Gun Control

Anisa Nur

Gun control is one of the many controversial topics for Americans. The United States constitution grants U.S citizen’s right to bear arms in its second amendment. Although the right to bear arms would not be removed, on April 7, the Biden-Harris Administration announced six initial actions pertaining to gun restrictions. Some of these actions included the ban of ghost guns, annual reports on firearms trafficking which would be conducted by the Justice Department, as well as “red flag” laws which permit police or family members to petition courts to remove guns from dangerous individuals. Despite the lengths for gun control varying depending on an individual’s beliefs, are restrictions ultimately necessary to ensure American’s safety?
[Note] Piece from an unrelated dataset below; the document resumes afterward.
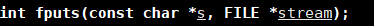 此函数传入的参数分别为要写入的字符串、待写入的文件流,调用此函数能向文件流中写入内容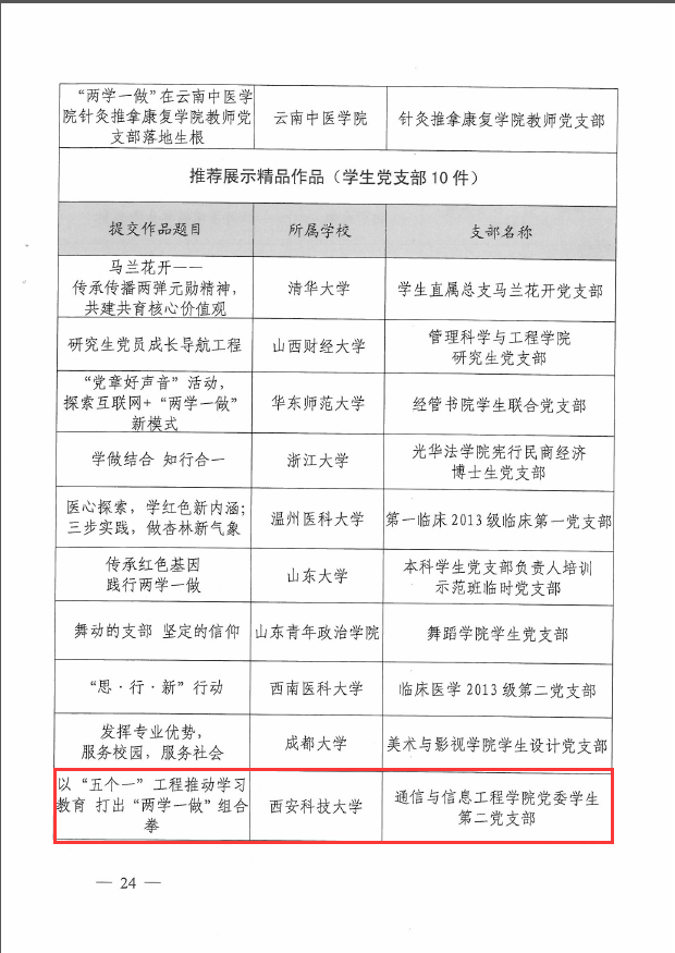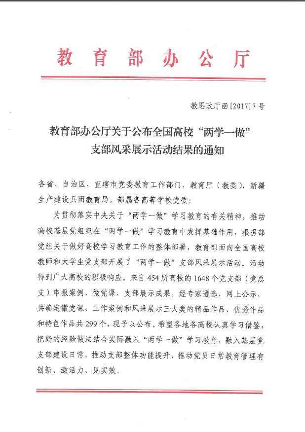据悉,全国高校“两学一做”支部风采展示活动由教育部主办,旨在贯彻落实中央“两学一做”学习教育有关精神,推动高校基层党组织在“两学一做”学习教育中发挥基础作用,挖掘、总结和推广高校基层党支部在开展“两学一做”学习教育、学习习近平总书记“七一”重要讲话和庆祝建党95周年“学党史、感党恩、跟党走”主题教育活动中的先锋模范、先进经验、典型案例,推动“两学一做”学习教育向广大党员拓展、向经常性教育延伸,推动高校基层党支部整体功能提升。本次高校支部风采展示活动,共有来自全国454所高校的1648个党支部(党总支)参与申报。经专家遴选、网上公示,最终产生微党课、工作案例和风采展示三大类的精品作品、优秀作品和特色作品299个,其中全国共有10件作品入选学生党支部风采展示精品作品。

Due to the rise in mass shootings within the past few months, the call for gun control has increased with greater reason. In response to reporters outside of the White House, President Joe Biden exclaimed, “it makes no sense” to be able to purchase high-caliber assault rifles. It is irrational to repeat the same action over and over again expecting a different outcome while doing nothing. The President, similar to many Americans, is calling for change. Restrictions are finally being put into action, but the division amongst Americans is still present. According to a survey conducted by Pew Research Center, 42% of Americans believe there would be no difference in mass shootings if guns were harder to obtain.

While gun culture is deeply ingrained in American society, as well as citizens’ political and ethical beliefs, does a common ground exist? 48% of Americans agree gun violence is a very big problem, including 24% claiming it is a moderately big problem. With time change is evident, but what does this look like for the future of America?